Penyidik Bareskrim Mabes Polri menggeledah kantor Pertamina Foundation terkait kasus korupsi dana corporate social responsibility (CSR) Pertamina sepanjang 2012-2014 di kawasan Simprug, Jakarta, Selasa (1/9). Bareskrim Mabes Polri mengusut kasus dugaan korupsi "Menabung 100 Juta Pohon" proyek tahun 2011-2015 dengan kerugian negara dalam korupsi ini sebesar Rp126 miliar dari total nilai proyek Rp256 miliar. ANTARA FOTO/Reno Esnir/foc/15.

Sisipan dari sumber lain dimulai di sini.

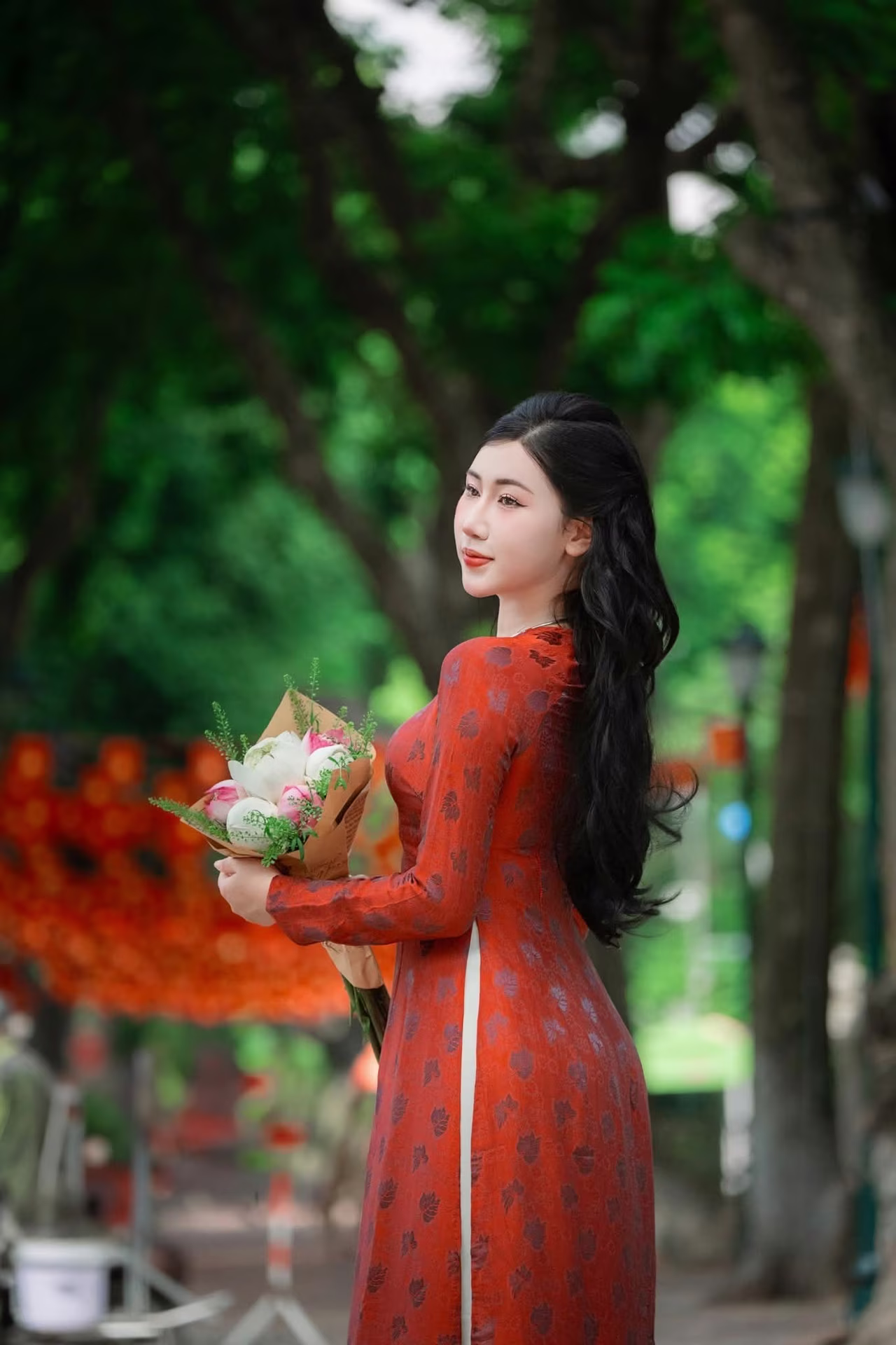 The VGU No109 photograph beautifully captures the youthful and graceful charm of a Vietnamese woman in her traditional Ao Dai. Dressed in an exquisite red Ao Dai adorned with subtle patterns she exudes elegance and confidence. She stands out against a backdrop of vibrant multicolored fresh flowers ranging from serene lotuses to bright sunflowers creating a lively and energetic scene. The delicate bouquet of pink and white lotuses in her hand further enhances her gentle and refined East Asian beauty. Faint Vietnamese flags in the upper background subtly evoke a sense of national pride and enduring cultural values. This image is not merely a photograph but a harmonious blend of human grace and natural splendor celebrating timeless Vietnamese beauty. #Vietnamese #pretty #charmVGU No.108: Pristine White Ao Dai Elegance A Graceful Vietnamese Woman in Traditional Setting

Jakarta, Aktual.com – Penyidik Bareskrim Polri menggeledah kediaman mantan Senior Vice President (SVP) Asset Management PT Pertamina (Persero), Gathot Harsono. Penggeledahan tersebut merupakan kelanjutan kasus dugaan korupsi penjualan aset Pertamina.

“Iya (ada penggeledahan),” kata Kasubdit V Direktorat Tindak Pidana Korupsi (Tipikor) Bareskrim Polri Kombes Indarto, Jakarta, Selasa (29/8).

Adapun penyidik menggeledah salah satu rumah milik Gathot yang berada di bilangan Slipi, Jakarta Barat. Hingga saat ini penggeledahan tersebut masih terus berlangsung.

“Masih berlangsung penggeledahannya,” ujar dia.

Lebih lanjut, Indarto menjelaskan penggeledahan juga bertujuan untuk menemukan jejak tersangka yang saat ini masih dalam Daftar Pencarian Orang (DPO).

“Tujuan utama mencari Gathot yang DPO,” singkatnya.

Direktorat Tindak Pidana Korupsi Bareskrim Polri menetapkan Senior Vice President (SVP) Asset Management PT Pertamina, Gathot Harsono sebagai tersangka dalam dugaan korupsi penjualan aset Pertamina tahun 2011.

Penetapan tersebut melalui mekanisme gelar perkara pada 15 Juni 2017. Selain itu, penyidik telah memperoleh hasil perhitungan sementara kerugian negara Badan Pemeriksa Keuangan (BPK).

Aset yang dijual Pertamina yaitu tanah seluas 1.088 meter persegi di kawasan Simprug, Kebayoran Lama, Jakarta Selatan. Terkait barang bukti berupa benda tak bergerak tersebut saat ini telah disita polisi.

Kemudian, penyidik juga sudah menyita sejumlah barang bukti lainnya. Salah satunya surat berharga berupa dokumen penjualan tanah ketika melakukan penggeledahan di kantor Pertamina.

Berdasarkan penelusuran, penjualan aset tanah milik perusahaan pelat merah tersebut dilakukan pada 12 Oktober 2011. Pertamina yang ketika itu dipimpin Karen Agustiawan menjualnya kepada Mayjen TNI (Purn) Haposan Silalahi senilai Rp1,16 miliar.

Padahal harga NJOP tanah saat itu sebesar Rp9,65 miliar. Namun berselang 2,5 bulan kemudian, atau pada 27 Desember 2011 Haposan menjual kepada pihak ketiga yaitu Lydia Swandajani Setiawati seharga Rp10,49 miliar. Dalam laporan hasil audit BPK, jumlah kerugian negara kasus ini mencapai 40,9 miliar.

Sebelumnya, penyidik Direktorat Tindak Pidana Korupsi memeriksa dua saksi penting kasus ini yaitu mantan Direktur Utama (Dirut) PT Pertamina, Karen Agustiawan, dan eks Direktur Umum Pertamina yang juga bekas pimpinan KPK, Waluyo.

Keduanya digarap polisi, Selasa 25 Juli pekan lalu. Pemeriksaan dalam rangka menelisik serta mendalami adanya dugaan keterlibatan petinggi Pertamina kala itu, setelah penyidik menetapkan bekas anak buah Karen dan Waluyo tersangka.